The users that this research is meant for the users that have to weed through countless notifications while deciding what is important to them and what is not. Hence users that deal with many of these notifications are the main goal. This research will focus mainly on the student user group, which makes it easier to define the needs and requirements of this group since this research is familiar with this group.
Requirements of the users
- The system should run on pre-owned devices
- The system should communicate with existing university infrastructure
- The system should manage the agenda of a user (e.g. notifications of upcoming deadlines, lectures and exams)

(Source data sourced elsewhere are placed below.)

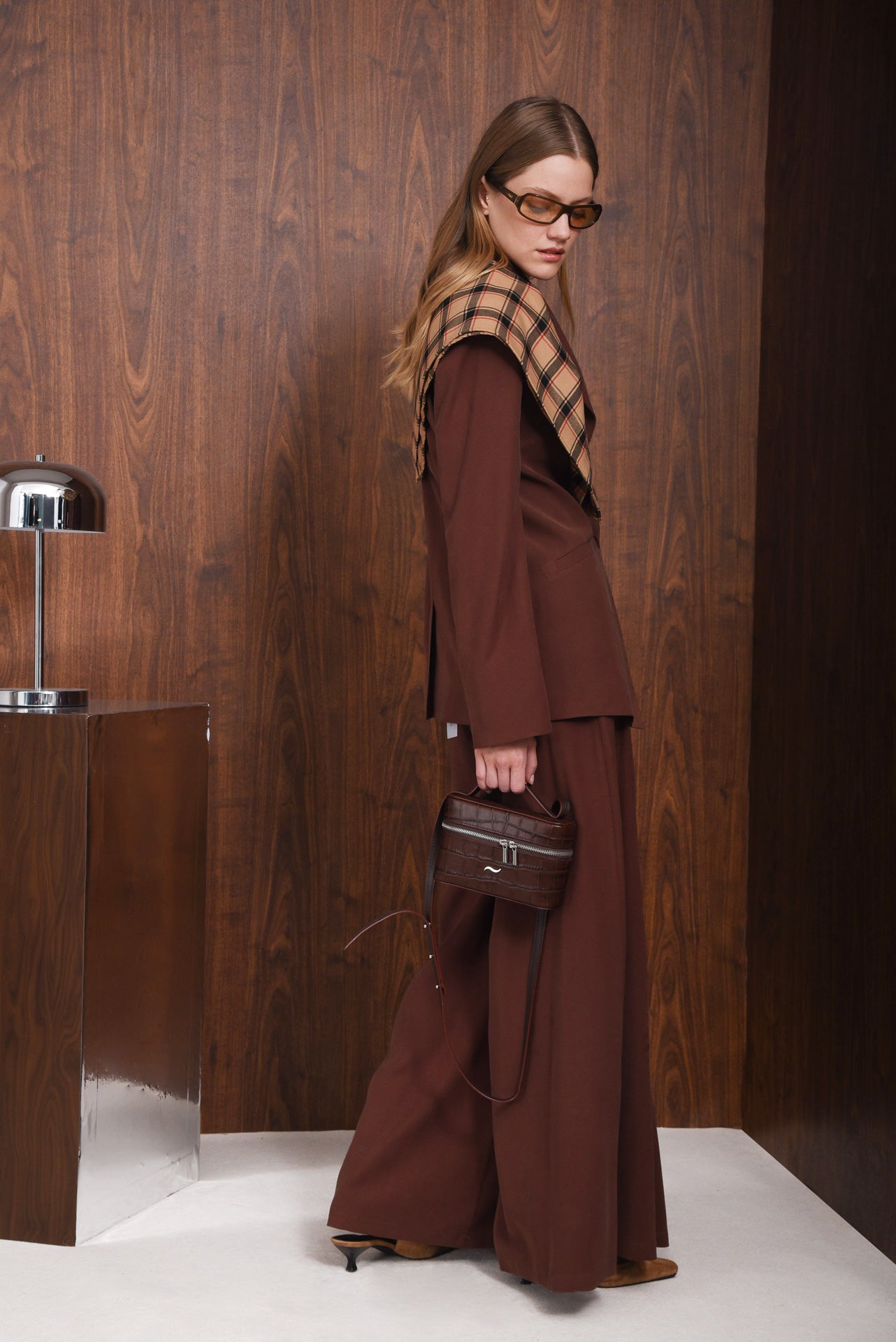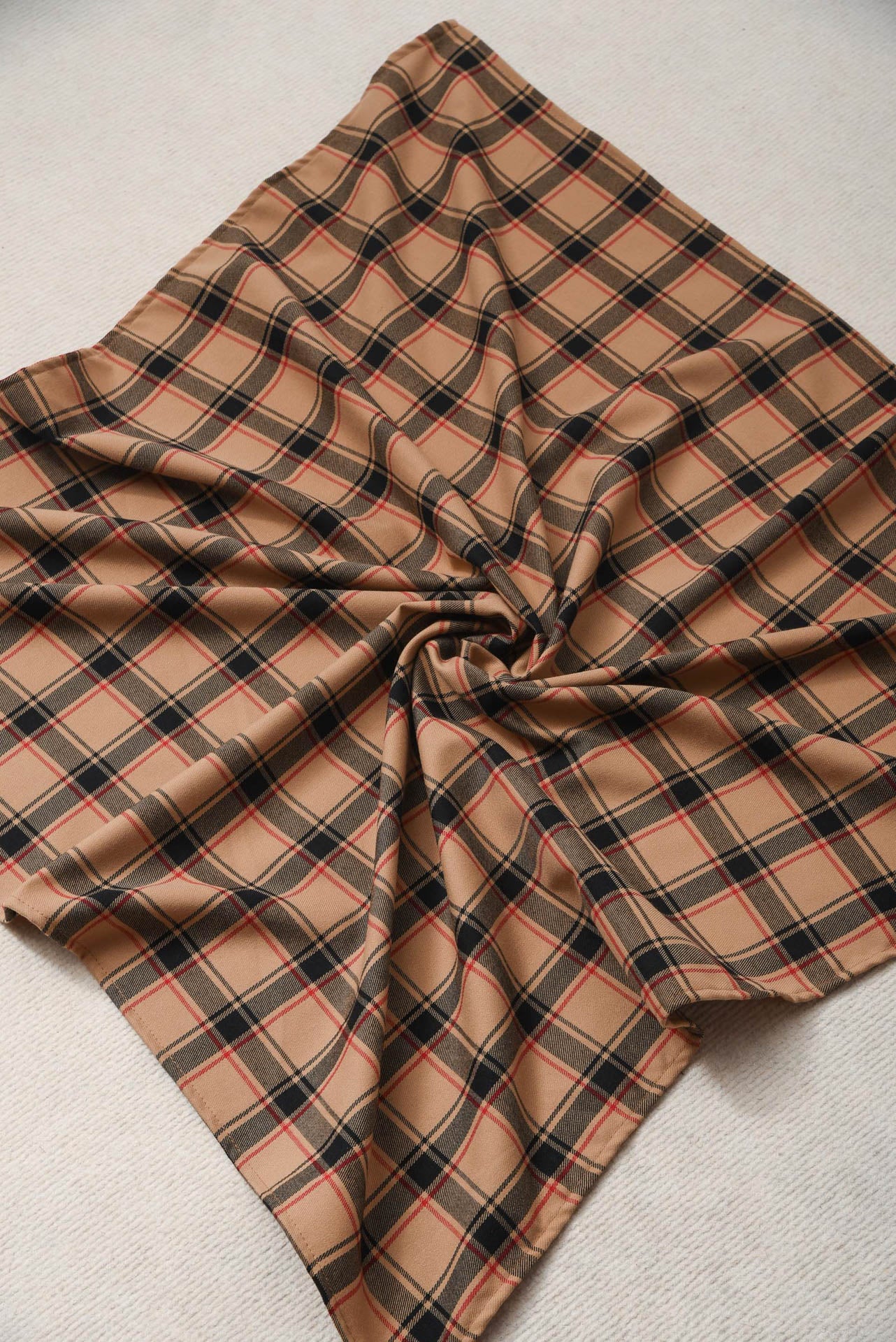 The Affect Scarf is a square-shaped accessory crafted from soft, lightweight fabric with a classic checked plaid pattern. Its smooth texture and fluid drape make it easy to style around the neck, shoulders, or bag. A timeless piece that adds polish to everyday and smart looks.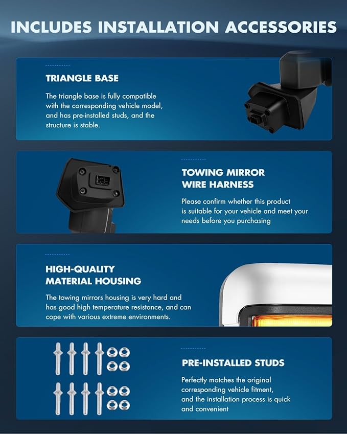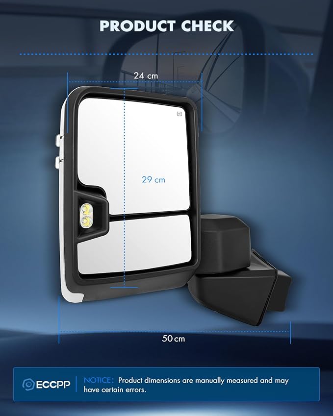 - Multifunction Of Tow Mirrors - Choose from towing mirrors equipped with many different Functions: Power Adjusted,Heated,Turn Signal Light,Width Light,Puddle Light,Running Light,Back-up Light,Temperature Sensor,Chrome Housing,Manual Folding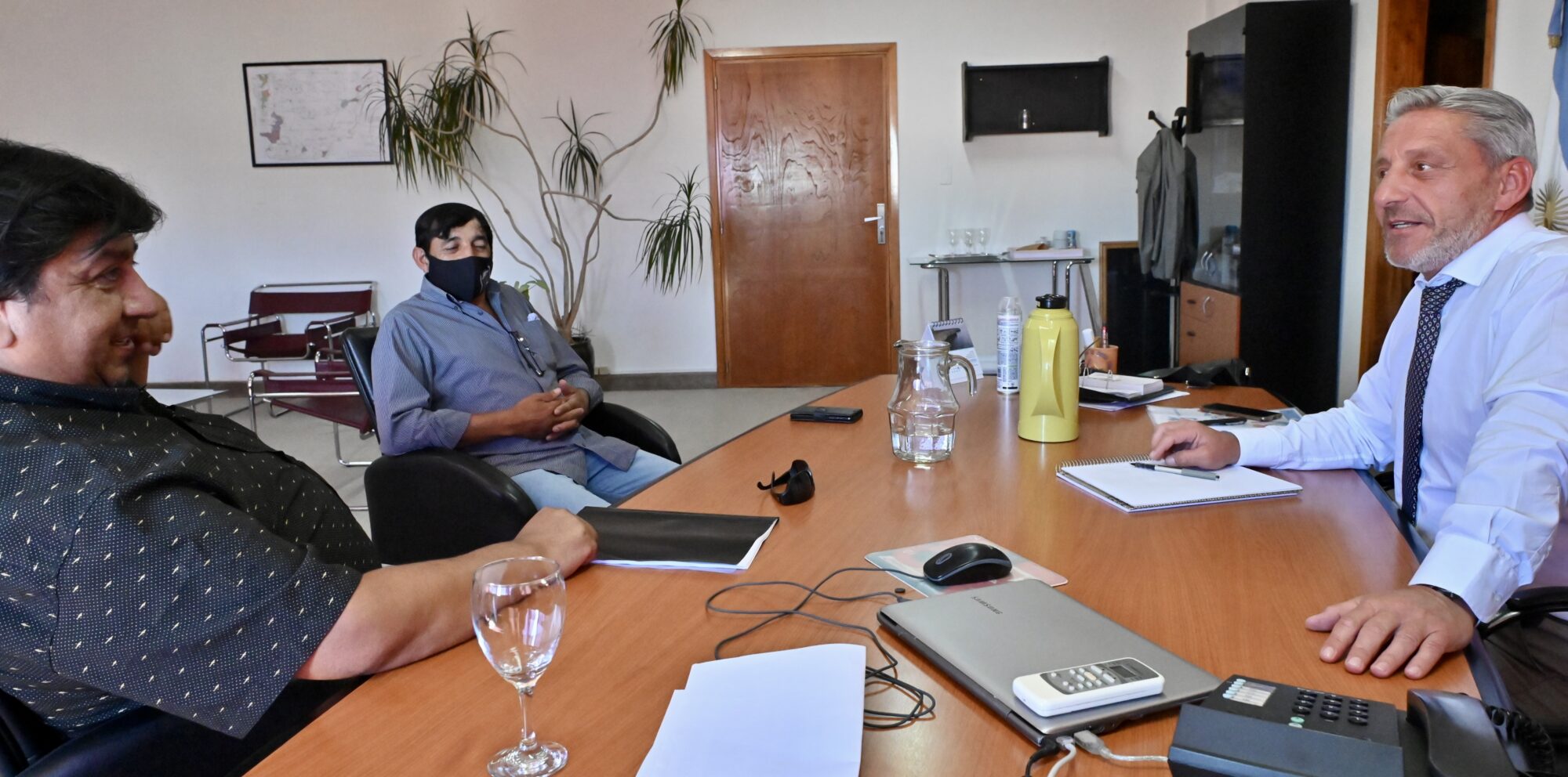 El gobernador del Chubut, Mariano Arcioni, recibió hoy al intendente de José de San Martín, Rubén Calpanchay, con quien dialogó sobre las obras que prontamente iniciarán en la localidad, entre las que se destacan la construcción del cerco perimetral del Gimnasio Municipal, cordones cuneta, extensión de red de gas y la construcción de la cisterna de agua, tan esperada por sus habitantes.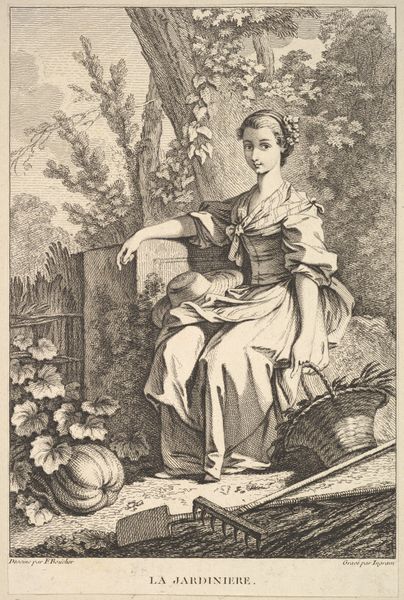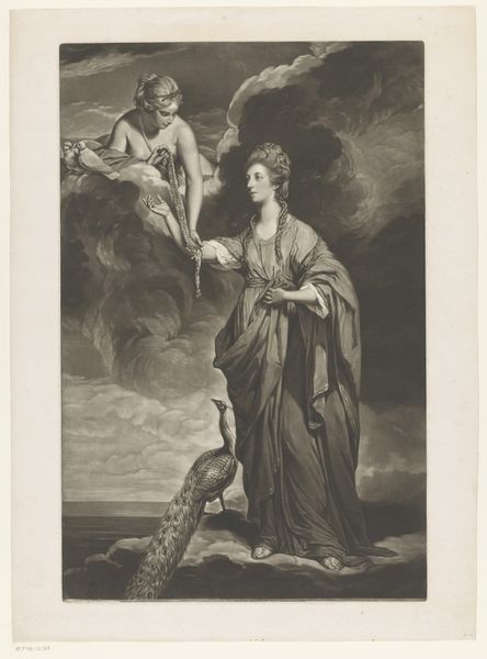 Editor: Here we have "Catherine, Lady Bampfylde," a print from 1779 after a drawing by Thomas Watson, now hanging at the Art Institute of Chicago. She’s posing so elegantly, it's all very graceful, almost dreamlike, and the setting behind her looks theatrical. What do you see in this portrait? Curator: The way Lady Bampfylde is staged within this artificial landscape speaks volumes about the social role of portraiture in the late 18th century. These weren't just likenesses, they were carefully constructed images meant to convey status, taste, and morality. Do you notice anything about her pose in relation to the setting? Editor: She’s kind of perched, isn’t she? Not really part of the landscape, almost like she’s placed there… Curator: Precisely! The pastoral setting, combined with her fashionable attire, creates a dialogue about nature versus culture, and, of course, wealth. What do you think about the contrast between her elaborate dress and the natural scene behind her? How does that reflect the values of the time? Editor: I guess it highlights the importance of appearance and status for women in that era, it's as if their social role defined even their connection to nature. It all feels performative. Curator: Absolutely. Prints like this one made such images widely accessible. This contributes to how such concepts were disseminated, shaping public perception and, indeed, reinforcing social hierarchies. Think of the museum itself as an extension of these display spaces and these social values. Editor: So the image and its circulation helped to perpetuate a specific vision of class and gender. I hadn't really thought about prints working like that before, how their distribution can influence ideas on such a large scale. Curator: Exactly, and it's crucial to understand these works not just as pretty pictures, but as active participants in cultural and political life. Editor: That gives me a lot to think about – it is not just about the sitter; the image, and its availability as a print is as important, if not more.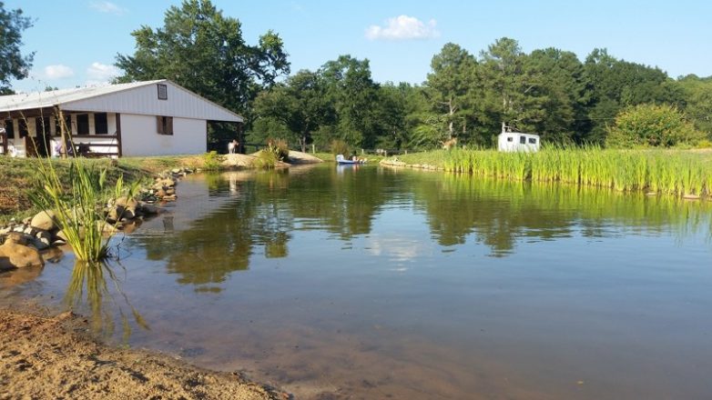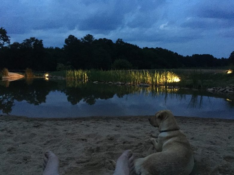 Вот такое получилось озерцо. По центру — пляж, справа — глубокая часть для купания, слева — «естественная» часть. Там уже сейчас водится рыба — окунь, солнечник, белый амур.

- The system should filter important information out of incoming messages
- The system should, when desired by the user, correspond on behalf of the student
- The system should tune its intrusiveness based on the users feedback
USE Aspects
This chapter takes a look at the potential impact of the product of the research. If the product fully works and solves the problem described in the problem description, it can have a great impact on the users of the product and the society as a whole. Beneath is described what impact the product can have on the users, society, possible relevant enterprises and the economy. Lastly it is described whether or not certain features are desirable.
Users
The users of the product will, as described above, primaliary be students, but it can also be extended to anybody with a smartphone who receives more messages than desired but does not want to miss out on any potentially important messages. When a person no longer has to spend time on reading all seemingly unimportant messages or scan through them looking for important messages, they will have more time to spend on things they want to spend their time on. This is a positive effect of the product as this allows the user to focus on their core business. However, the product might also have different effects on the user. Scanning texts messages or text in general for relevant information can be a valuable skill to have, as it has also applications in other scenarios, such as scanning scientific articles or reports for important information. When an AI takes care of this tasks, users might lose this skill. This might hinder them in the other scenarios as described above, where the AI possible can not help them find the important information. Another negative consequence might occur when the AI does not work perfect, but the user trusts it to work perfect. In this scenario the user might miss an important message, which can have quite some consequences. In a work environment this can mean that the user does not get informed about a (changed) deadline or meeting. In a social environment this can lead to irritation or even a quarrel.
Society
When talking about society, it means all people - users and non-users of the product - combined and everything included that comes with that. To look at what impact the product might have on the society, it is researched how relations between individuals chance, as well as how the entire society together behaves. The consequences for users as described above can be extended to a society level. If people become more productive as described above, it certainly would benefit society, as more can be accomplished. The fact that people might lose the ability to quickly scan text to find important information can also have an impact on society. If an entire generation grows up like this, there will also nobody to teach it to younger generations, meaning that society as a whole will lose this skill. Now it can be questioned how relevant such a skill might still be in future society, but its a loss nonetheless. Another thing that might occur when a large public uses the product is that nobody longer reads all the seemingly unimportant messages. If nobody reads them anymore, those who write those messages will probably stop doing so, removing the purpose of the product.
Enterprise
Possible relevant enterprises might be those who are interested to buy the product. This could be either a company like WhatsApp themselves, who want to integrate it in their application themselves, or a third party that wants to publice it as an application on its own. The companies, especially a third party, would want to make profit of such an application. companies like WhatsApp could offer it as a free service to make sure users keep using their application and possible attract new users. Third party companies can not do this and would need to find another way to make profit of the application. An easy solution for this seems to make the application not free of charge.
Economy
The product will reduce costs for users. A lot of people do not have time or do not want to filter the most important information themselfs. For this they can use a personal assistant to take over this task. But the agent will be less expensive than a personal assistant. This will save money. A disadvantage of this is that personal assistants will have less work. If people use the product of this research instead of a personal assistant for this particular task, personal assistants are not needed for this task anymore. This causes that there is less work for personal assistants.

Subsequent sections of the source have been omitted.